Ambitions

When I left school in 1983 my ambitions boiled down to owning a van and being in a band. The two things were not unconnected: I was a terrible keyboard player (punk, yo) but if I owned a van the band would still need me to cart the equipment around from gig to gig, free festival to free festival.

I never bought a van – in fact, I never learned to drive – but neither did I replace that ambition with another. Leaving school at the age of 16, with four CSEs at the height of Thatcher’s era of mass unemployment basically meant I had no expectation of ever even working. And if I did, it would be a shitty job, probably in a shitty shop. When a local Wickes store opened, I applied and didn’t even get a reply, let alone an interview.

The trajectory of my escape from that world is long and complex and deserves its own piece of writing, but the important point is this: I had no ambitions. Ambitions were something that other people had, but not working class kids from Derby. I had dreams, sure. But there was no possible path from here to there.

Since then, though, ambitions have become the playground of the young, and there’s been an expectation actually rooted in reality that a young person’s ambitions can be fulfilled. You could travel and work in Europe.
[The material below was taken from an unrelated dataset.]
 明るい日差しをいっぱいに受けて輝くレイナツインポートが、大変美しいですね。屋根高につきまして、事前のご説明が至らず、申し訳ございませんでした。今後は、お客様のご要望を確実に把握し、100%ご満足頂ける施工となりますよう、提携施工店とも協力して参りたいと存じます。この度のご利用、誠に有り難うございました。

You could go to university. You could get a job, buy a house, something that so so few of your parents were able to do. Some of these simple things moved from ambitious dreams to expectations.

The past ten years have chipped away at this. A house has become something no one can afford unless they can rely on the bank of mum and dad, while the media bombards you with messages about how it’s your own fault you can’t save a hundred thousand pounds. Jobs which offer long-term careers and progression have been eroded, to the point of destruction. There is no such thing as job security if you are young.
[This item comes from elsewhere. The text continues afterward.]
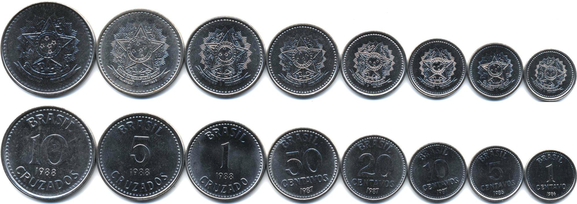 Набор из 8 монет: 1, 5, 10, 20, 50 сентаво, 1, 5, 10 крузадо. Р-3251 set

Brexit and COVID, though, have been the twin hammer blows which have destroyed the opportunities of the young. Brexit’s retreat to cosy little Englander fantasies of an idealised 1950s Britain mean putting up borders and robbing the young of a core part of their identity, while reducing the ability of the poorest to up sticks and work wherever they can across the continent. Looking abroad for work was one of the few routes out of Thatcher’s newly-impoverished Britain when I left school, and that option just won’t exist the young poor in a few months time.

But it is probably COVID which will have a longer term impact, and which will break the back of ambition, particularly for those reaching maturity now. In a long and brilliant Twitter thread, David Hayward wrote that “a pandemic is a killer of the dreams of the young” and nothing could be closer to the truth. I have been lucky to live for 53 years in a bubble of safety, with the freedom to roam and to dream. Until we find a vaccine, that freedom is basically gone. Who can have ambitions, who can have dreams, when the next person you meet might be the one that passes on a deadly virus rather than the person who changes your life for the better?